Gerechtshof Amsterdam

Datum uitspraak
8 augustus 2003
Publicatiedatum
4 april 2013
Zaaknummer
02/02237
Instantie
Gerechtshof Amsterdam
Type
Uitspraak
Procedures
  • Eerste aanleg - meervoudig
Rechters
  • A. Onnes
  • B. Steenbergen
  • C. van Loon
Vindplaatsen
  • Rechtspraak.nl
AI samenvatting door LexboostAutomatisch gegenereerd

Beroep tegen vastgestelde WOZ-waarde van onroerende zaken in Haarlemmermeer

In deze zaak gaat het om een beroep van X B.V. tegen de uitspraak van de heffingsambtenaar van de gemeente Haarlemmermeer, die de waarden van de onroerende zaken A-straat 1 en B-straat 1 heeft vastgesteld voor het tijdvak van 1 januari 2001 tot en met 31 december 2004. Het beroep is ingediend op 28 maart 2002, na een eerdere uitspraak van de heffingsambtenaar op 27 februari 2002. De belanghebbende betwist de vastgestelde WOZ-waarden, die respectievelijk zijn vastgesteld op ƒ 13.151.000 (€ 5.967.663) en ƒ 3.341.000 (€ 1.516.079). De belanghebbende stelt dat de gezamenlijke waarde van de onroerende zaken ƒ 13.872.000 bedraagt.
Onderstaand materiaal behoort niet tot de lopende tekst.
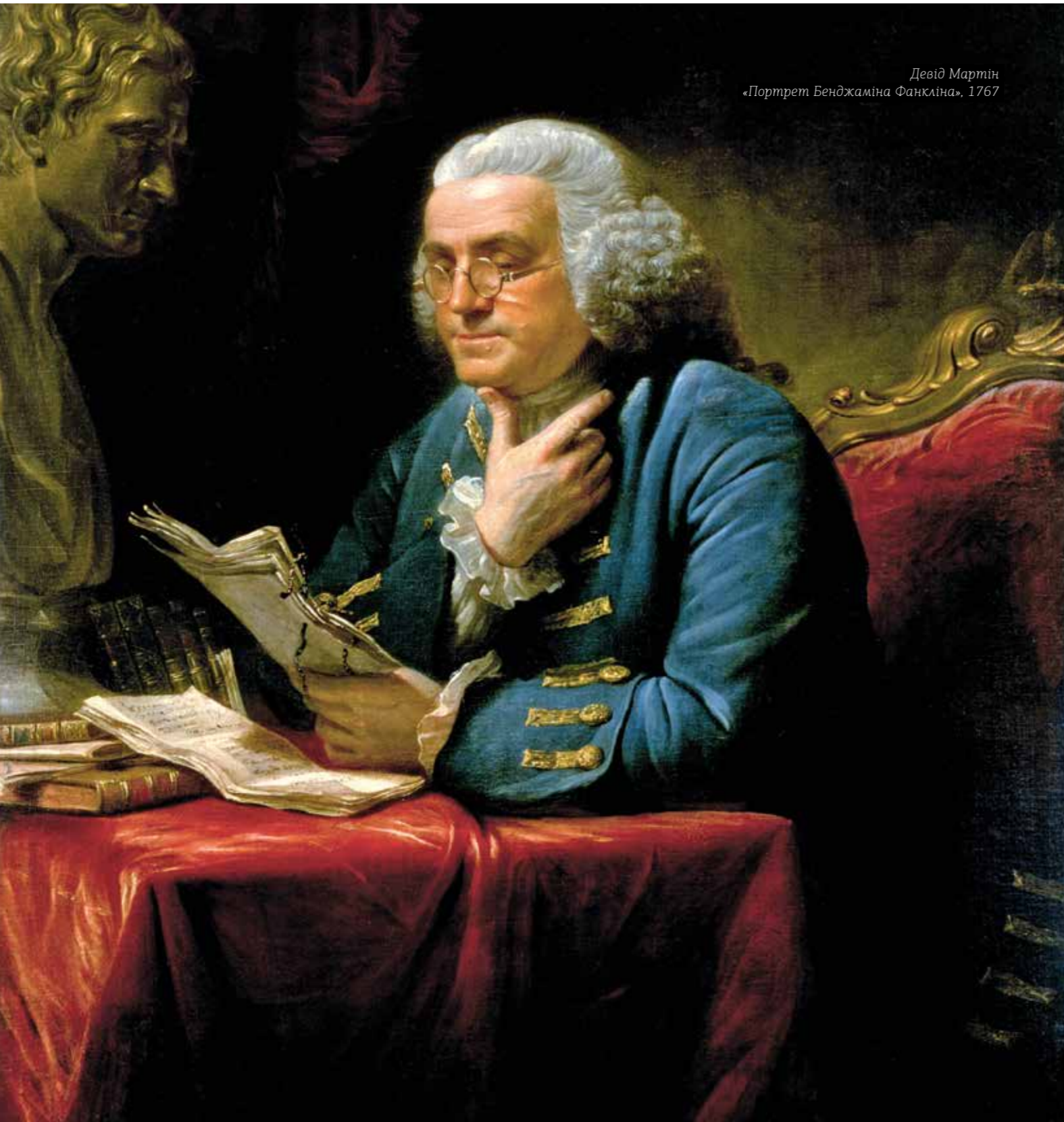
Девід Мартін «Портрет Бенджаміна Франкліна», 1767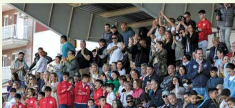
Imatges de l'ITE DV7. Inauguració a la Ràpita i cloenda a Amposta, amb David Villa.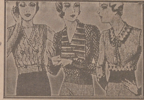
Blusas punto novedad, a 5, 6, 8, 10 y 12 ptas

Primera casa en confecciones para caballero, señora, jóvenes y niños. Tejidos, Pañería y Sastrería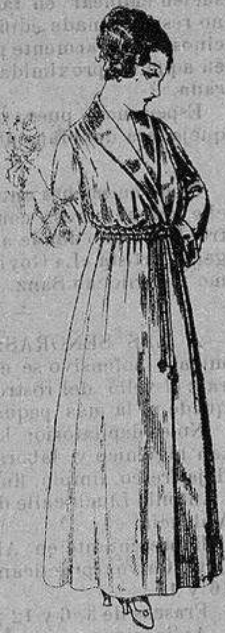
Bata crespón colores varios, cuello y boca-manga seda. De ptas. 15 a 20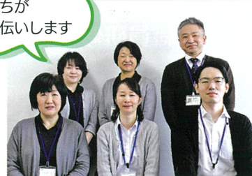
私たちがお手伝いします

ケアプランセンターには女性4名、男性2名の計6名のケアマネジャーが在籍しています。私たちは介護が必要になった方が住み慣れた地域でその人らしい暮らしが続けられるようお手伝いさせていただきます。介護が大変、介護保険のことが知りたい、話を聞いてほしい等々、介護のことでお悩みの方がいらつしやいましたらお気軽にご相談ください。相談ごとをお伺いし、利用者様の状況や希望に寄り添いながら適切な介護サービスを利用できるように一緒に考えます。介護の1歩はまず「相談」です。ご家族様以外でもお知り合いや近所さんなど、心配な方がおりましたらご相談ください。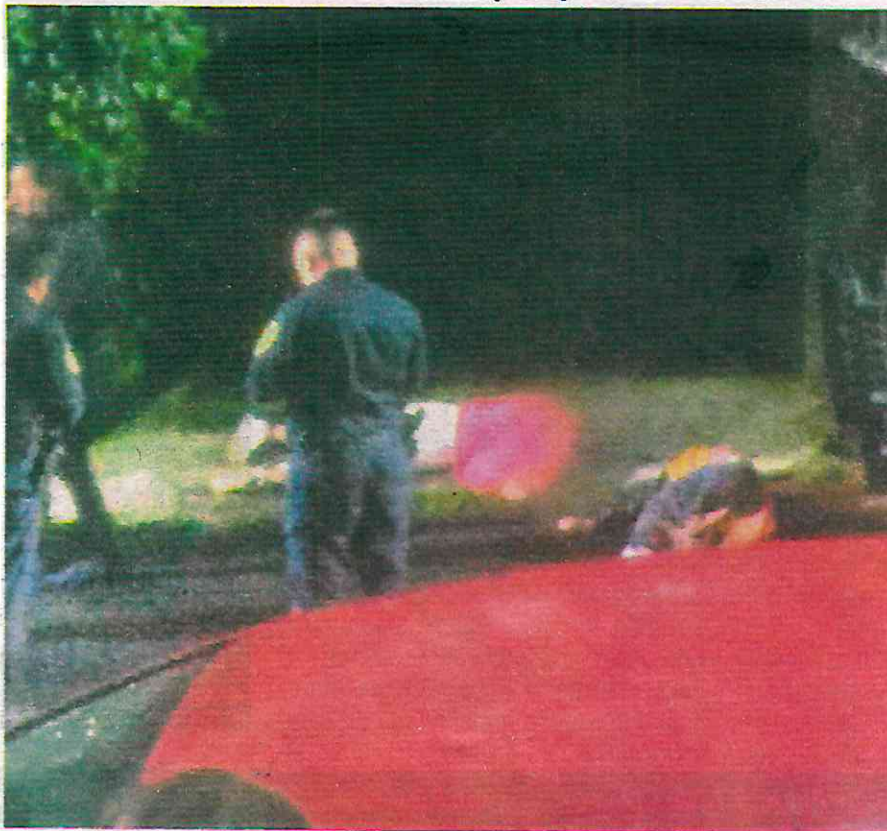
La mujer quedó boca abajo en la acera y el hombre tirado de lado sobre la calle

ron a una mujer que estaba boca abajo sobre la acera y al hombre tirado de lado sobre la calle.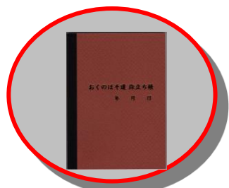
旅立ち記念ノート付き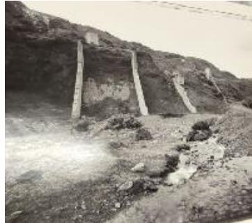
Cobo, Patxi Ortuella, Bizkaia, 19/11/1953 [sin título] 1992 44,5 x 50,4 cm Fotografía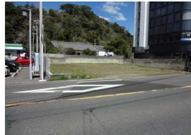
南東側市道越しに北方向に撮影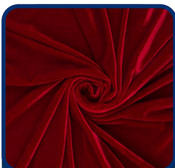
Rouge - 1 1322410001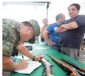
INTERCAMBIO En la delegación Álvaro Obregón, millares arrancaron con el programa de intercambio de armas de fuego. La SSP-DF destinará este año 10 mdp.

Para el próximo martes, 20 mil personas entre trabajadores, empresarios y gente que gusta de la vida nocturna se manifestarán en el Zócalo capitalino a favor de la nueva Ley de Establecimientos Mercantiles del Distrito Federal, la cual sería publicada en la gaceta oficial local en los próximos días. (Notimez)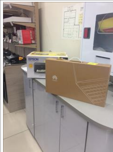
Принтер и ноутбук Фотография принтера и ноутбуке в Гипермаркете DNS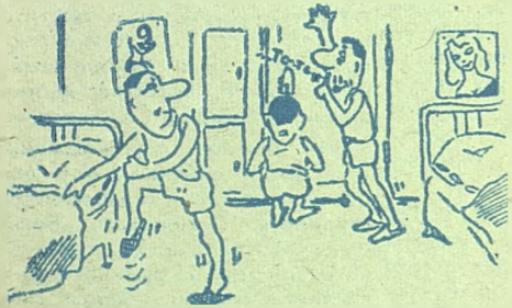
КАРАУЛ! РЕЙД УЧЕБНОЙ КОМИССИИ. Рис. Н. Шуклина.

● ... Рейд по общежитиям, общественные смотры групп, работа академкомиссий, работа со старостами — вот дела комитета по улучшению учебы. Учебная комиссия физиков во главе с Н. Мотяз стала грозой для прогульщиков. Ведь не зря, узнав о рейде, комната № 9 девятого общежития закрывалась на ключ — висеть в «молнии» всё-таки стыдно.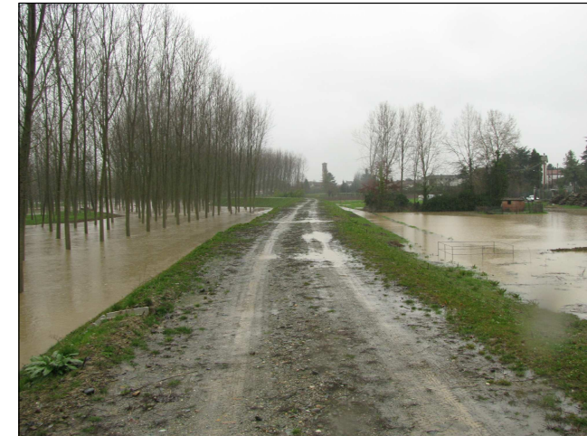
realizzazione attraversamento SP nel 2014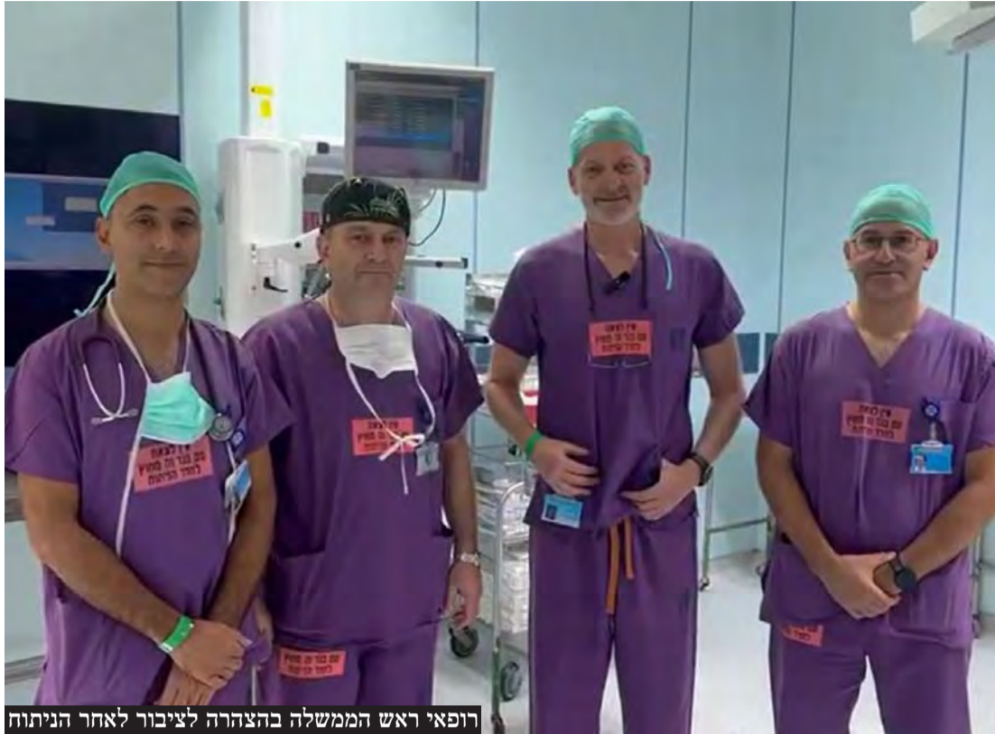
רופאי ראש הממשלה בהצגה לציבור לאחר הניתוח

לפני הניתוח מינה נתניהו את שר המשפטים יריב לוין למחליפו ואת שר הביטחון ישראל כץ כמי שאחראי על כינוס הקבינט בהעדרו של ראש הממשלה

Tijdens de zitting op 9 mei 2003 heeft het Hof de argumenten van beide partijen gehoord. De heffingsambtenaar heeft een taxatierapport overgelegd, waaruit blijkt dat de waarde van de onroerende zaken is bepaald op basis van de huurwaardekapitalisatiemethode. Het Hof oordeelt dat de taxatie van de heffingsambtenaar deugdelijk is en dat de gehanteerde kapitalisatiefactor van 11,3 voldoende is onderbouwd. De belanghebbende heeft een tegenrapport overgelegd, maar het Hof oordeelt dat dit rapport niet voldoet aan de eisen van de Wet WOZ, omdat het is gebaseerd op een andere waarderingsdatum.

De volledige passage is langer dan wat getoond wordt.